Strong bias for abundant mRNA, mis-priming (incorrect 3’ ends), premature stop of the reverse transcriptase (incorrect 5’ ends)
Fill in the blanks: Less than 2% of the human genome codes for _____. _______ sequences make up at least 50% of the human genome. The human genome has a _______ (greater/smaller) portion of repeat sequences than the worm and the fly.
Proteins, repeated, greater
Dot matrix analysis is a _______ (graphical, heuristic, dynamic-programming) method of sequence alignment.
Graphical
Name one benefit of using YACs over BACs, and one disadvantage.
Can carry larger DNA fragments, but is more prone to rearrangements
Explain MGI technology sequencing.
Short-read sequencing that uses rolling circle amplification to generate DNA nanoballs (DNBs) which are then placed on a chip surface with one DNB per binding site. cPAS (combinatorial probe-anchor synthesis) sequencing is then used to determine sequence of each nanoball.

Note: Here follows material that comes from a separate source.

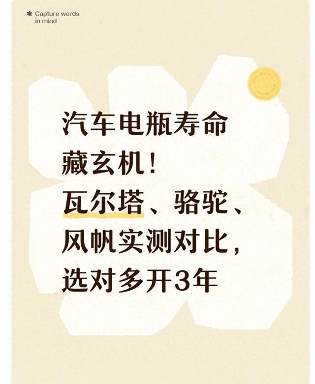 汽车电瓶寿命藏玄机!瓦尔塔、骆驼、风帆实测对比,选对多开3年
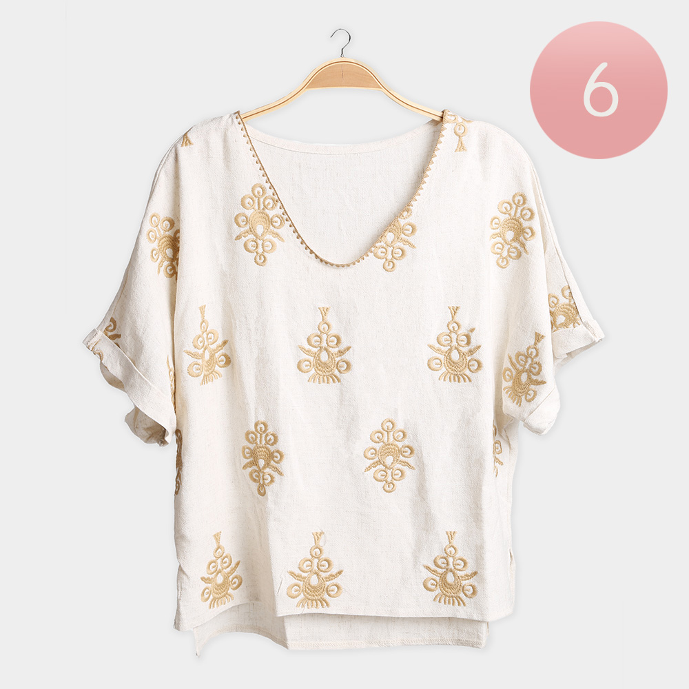 6PCS - Boho Embroidered Linen V-neck Short Sleeves Top

Describe one way to directly identify histone-bound DNA across the genome and explain the methods involved.
Possible answers:
ChIP-seq: DNA and proteins are crosslinked, then sheared to produce small DNA fragments, histone-bound DNA are immunoprecipitated, DNA is released from proteins and sequenced.
CUT&RUN: Cells are permeabilized, and an antibody binds to target histones or chromatin proteins. Protein A/G-MNase is recruited and selectively cleaves bound DNA, which is released, purified, and sequenced.
How were genetic maps used in the HGP?
In the initial stages of the HGP, linkage mapping was used to determine the relative position of genes. These were constructed by studying how frequently certain genetic markers were inherited together and were based on recombination frequencies. This let them break down the genome into more manageable segments.
What are some examples of experimental designs besides twin studies that can be used to quantify the genetic component of complex diseases?
Adoptee studies, familial clustering, studies of populations with similar genetics but different environments (such as the Pima tribe)
List 3 factors that affect the number of SNPs BETWEEN species.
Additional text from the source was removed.